Got 2 weeks off end July start of August. For a change the boss thought we should go to Germany instead of France/Italy.

I was stationed in Germany when in the army 40yrs ago but being a young un did not see much other than the places you should not see..

Any of you got any info of good places to go and see. Maybe you've done a 2wk tour.

Many thanks

Neil


----------



## Imbiber (May 11, 2007)

We're off doing similar this summer too, so will look on with great interest on the replies!

I suppose a lot will depend on what you are interested in doing other than sight-seeing: cycling, walking, etc.

Her ladyship enjoyed a couple of the therme's we visited so we'll consider including a couple more of these into our plans this year whilst plotting a trip to Bavaria.

Last year we did some of the Black Forest; Lake Titisee; Lake Constance (Uberlingen); Rhine Fall's and Fussen (Neuschwanstein Castle).

There's the romantic road from Wurzburg down to Fussen.

The Mosel - Trier to Koblenz seems the popular route option with plenty of stop-overs.

There's loads of choice and the road network is F.O.C!

Good luck with your planning and I'm sure someone more knowledgeable will be along soon with great ideas.


----------



## Sprinta (Sep 15, 2010)

please give more details of the places we should not see :lol:


----------



## cronkle (May 1, 2005)

We enjoyed a day in Rottenburg. We were there on a Sunday and there were a lot of re-enactors about.

The campsite on the confluence of the Rhine and the Moselle at Koblenz was an interesting one night stop-over. Watching the river traffic was fun.


----------



## Zozzer (Aug 13, 2006)

On our very first trip abroad in the van we only had two weeks to play with. We decided to do the Romantisch Strasse from Wurzberg to Fussen, then came back up Rudesheim an Rhein up to Koblenz the down the Mosel to Trier. Then Back to Calais via Luxemburg.


----------



## barryd (May 9, 2008)

Any good cheap or free Stellplatz on the Romantic road anyone would recommend? Just been working through the Bord Atlas online when I saw this thread earlier. Not found anything fantastic to rivel the Stellplatz on the Mosel though so far.

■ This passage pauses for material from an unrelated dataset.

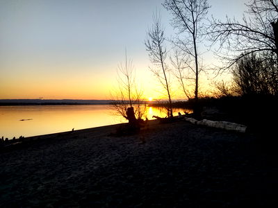 Experience the tranquil beauty of a sunset over Lake Portland, where the sky meets the water at this picturesque location. A peaceful scene featuring a clear sky, a calm lake reflecting the warm hues of the sunset, and trees lining the shore. The perfect moment to unwind and appreciate nature's splendor.

Looks an interesting route. 

Im considering it for end of July / August.

sorry didnt mean to hijack the thread.


----------



## NeilandDebs (Aug 28, 2008)

*germany*

Thanks for the info. I have ordered my copy of Bord Altas from Vicarious Books. Will check out the stelplatz for the Romantic road.

BarryD highjack all you like if. Info is still info.

Neil


----------



## barryd (May 9, 2008)

You can get a free two month trial of the online Bord Atlas if you sign up and use this code 4992/13

http://www.bordatlas.de/abonnement-1.1.php

Ive been using it this afternoon. Prefer CC Infos though. The biggest dissapointment with the Bord Atlas site and I assume the book is that the GPS co-ordinates are not in decimal so you cannot just copy and paste them into Google Maps you have to mess about retyping them or converting them to decimal. I dont know why everyone online just doesnt use Decimal. Not that it matters as the Germans banned Streetview from most of their country anyway!  (see my other thread)

It translates ok in Chrome though.


----------



## rayrecrok (Nov 21, 2008)

> barryd"]Any good cheap or free Stellplatz on the Romantic road anyone would recommend? Just been working through the Bord Atlas online when I saw this thread earlier. Not found anything fantastic to rivel the Stellplatz on the Mosel though so far.
> 
> Looks an interesting route.
> 
> ...


Hey up.

We did the romantic road on our big trip last year, must admit apart from the end bit Fusson I/we was disappointed with just about all of it.. It is just a tourist trail to me.

ray.


----------



## barryd (May 9, 2008)

Been to Fussen twice Ray although didnt really stop last time on route to Austria. Thought it was ok but not over impressed.

Not much cop then?

If we are heading to Austria and Italy may as well go that way anyhow though.


----------